Pour le collectif des avocats de Kalev Mutond, «les plaignants ont été interpellés par des services autres que l’ANR à l’exception de Muyambo, Kapepula et Vano qui furent interrogés par des OPJ de la Commission des services d’ordre, de sécurité et de défense. Tous ont été présentés au parquet et la plupart ont vu leurs dossiers fixés devant les Cours et tribunaux qui les avaient condamnés. Les plaintes contre Kalev sont donc mal dirigées car il ne peut en répondre ni à titre individuel, ni au nom de l’État dont il fut un préposé».

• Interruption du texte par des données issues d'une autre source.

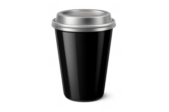 Black takeaway coffee cup with a silver lid. Design template for branding. Disposable for hot or cold drinks. Transparent background
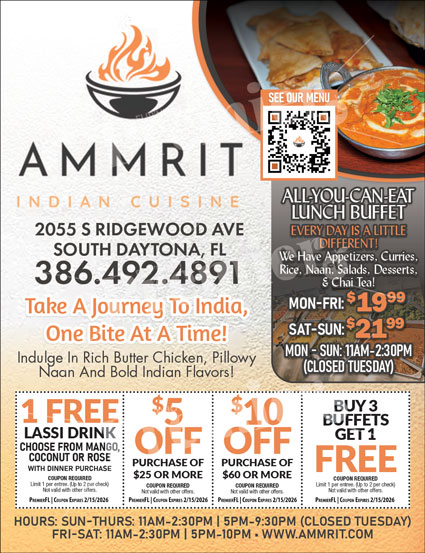 Ammrit Indian Cuisine offers a warm, inviting dining experience in South Daytona, Florida, featuring traditional Indian recipes prepared with rich spices and time-honored techniques. Designed for both newcomers to Indian food and longtime fans, Ammrit delivers bold flavors in a comfortable, family-friendly setting.
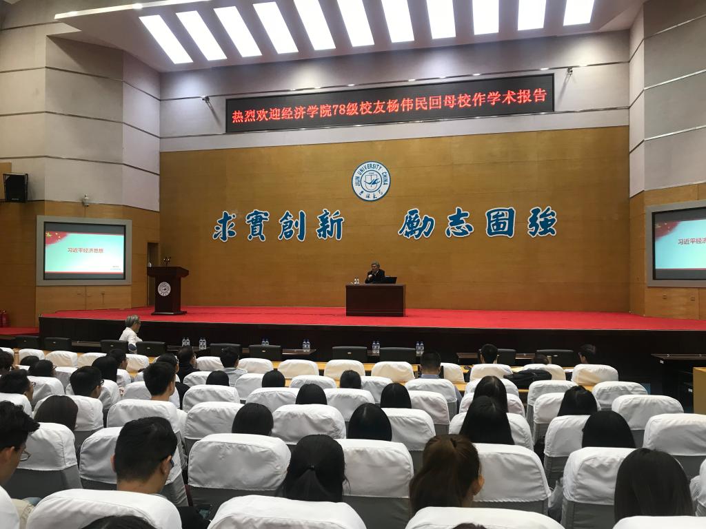 9月7日下午,德赢官网杰出校友、全国政协经济委员会副主任杨伟民受邀回母校作学术报告,报告会在中心校区东荣报告厅举办。此次报告会由德赢vwin官方入口院长李晓教授主持,德赢vwin官方入口副院长史本叶教授出席此次报告会,德赢vwin官方入口经济系李政教授、孙哲博士、范欣博士以及金融系王皓博士等教师和德赢vwin官方入口400余名本科生、研究生参加了此次报告会。

Les avocats signalent en outre que la plupart de ces allégations indexent des services étatiques et sont supposées avoir été faites il y a plus de 5 ans sans avoir jamais donné lieu à une plainte ou dénonciation. Certaines procèdent de pures calomnies destinées à régler des comptes personnels. Aucun plaignant n’évoque un contact avec Kalev. Il revient aux intérressés soit de démontrer que les actes dont ils auraient été victimes ont été commis sur instruction personnelle de Kalev, ce qui est inconcevable vu la nature structurée et hiérarchisée de corps comme les FARDC, la PNC ou la DGM, soit de diriger leurs griefs contre les services concernés. Et les avocats d’ajouter que «la quasi-totalité de plaignants étant originaires de l’ex-Kasaï-Oriental, on a l’impression de se retrouver au cœur d’un complot de type communautaire contre Monsieur Kalev fondé sur la haine politique et tribale, ce qui expliquerait l’acharnement et les dénonciations calomnieuses, ainsi que les montages grotesques visant à l’anéantir par tous les moyens, y compris les plus vils».